24-Stunden-Migros Herisau
Die Leute standen vor der Migros Schlange, um Zutritt zur Filiale zu erhalten.Bild: Ramona Koller / ch media

Dass der erste Sonntag nach der Umstellung einen solchen Ansturm bringen würde, damit hat offenbar niemand gerechnet. Die Regale wurden am Samstag nach dem bedienten Ladenschluss aufgefüllt. Am Sonntagnachmittag sind sie teilweise leer.

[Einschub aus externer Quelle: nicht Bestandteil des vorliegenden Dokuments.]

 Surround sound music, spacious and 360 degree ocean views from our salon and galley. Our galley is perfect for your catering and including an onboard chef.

Die Schlange vor den beiden Self-Checkout-Kassen reicht durch die halbe Filiale. Was die Leute kaufen, ist ganz unterschiedlich. Vom einzelnen Produkt im Korb bis zum randvollen Einkaufswagen ist alles zu finden. Die Kundschaft ist bunt gemischt. Junge Erwachsene, Familien mit Kindern, Senioren.

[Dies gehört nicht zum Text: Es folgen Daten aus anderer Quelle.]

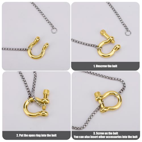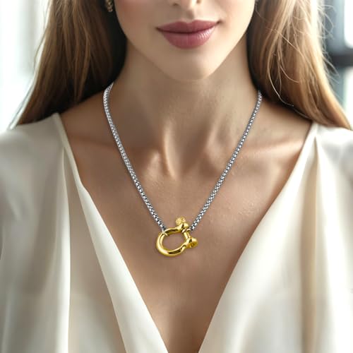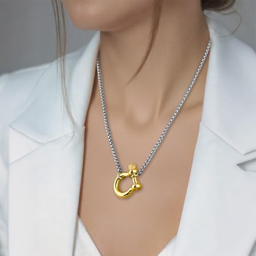 Carabiner Necklace, 18.7 in Two Tone Buckle Pendant Necklace Charm Silver Stainless Steel with Heavy Screw Anchor Shackle Foxtail Chain Jewelry for Women Men

Gelassene Stimmung trotz leerer Regale und blockierter Kassen

Eine 35-jährige Herisauerin, die anonym bleiben möchte, nutzt den Sonntag für eine kurze Auszeit vom Familienalltag. Eine Stunde Me-Time, während ihr Mann mit dem gemeinsamen Kind auf dem Spielplatz ist, wie sie sagt. Eigentlich sei sie nur zufällig vorbeigefahren. Nun wolle sie das neue Angebot ausprobieren.

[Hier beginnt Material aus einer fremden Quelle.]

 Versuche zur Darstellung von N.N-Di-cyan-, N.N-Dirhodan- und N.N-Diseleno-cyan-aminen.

Um die lange Schlange an den Kassen zu umgehen, wollte sie mit Subito-Go einkaufen, dem Self-Scanning-Angebot der Migros. Mit einem Scanner ging sie durch den Laden und scannte ihre Einkäufe. Blöd nur, dass sie an der Kasse für eine Stichprobenkontrolle ausgesucht wird. Die Kasse verlangt nach Personal und blockiert den Bezahlvorgang. Die Kundin ruft die Notfallnummer an. Sie wird gebeten, auf einen Mitarbeiter zu warten. Die 35-jährige Herisauerin nimmt es gelassen. Dass es nach einer solchen Umstellung zu Problemen kommen könne, sei klar. «Jede Modernisierung braucht ihre Zeit», sagt sie.

24-Stunden-Migros Herisau
Die Filiale war am Sonntag unbedient. Eine der beiden Self-Checkout-Kassen verlangte dennoch nach Personal.Bild: Ramona Koller / ch media

Auch eine der beiden Self-Checkout-Kassen ist blockiert – wieder wegen einer Stichprobenkontrolle: «Bitte wenden Sie sich an das Service-Personal». Bleibt also noch eine funktionierende Kasse. Mehrere Dutzend wartende Kunden und nur eine geöffnete Kasse: Da ist schlechte Stimmung garantiert. Würde man meinen. Die meisten nehmen die Wartezeiten mit Humor. Nur ein Mann zeigt sich verärgert. Er habe lediglich Bargeld dabei und fragt laut, ob denn niemand an einer Kasse arbeite. Doch bezahlen lässt sich ausserhalb der bedienten Öffnungszeiten nur mit Karte oder Twint. Schliesslich verlässt er den Laden wütend und ohne Einkauf.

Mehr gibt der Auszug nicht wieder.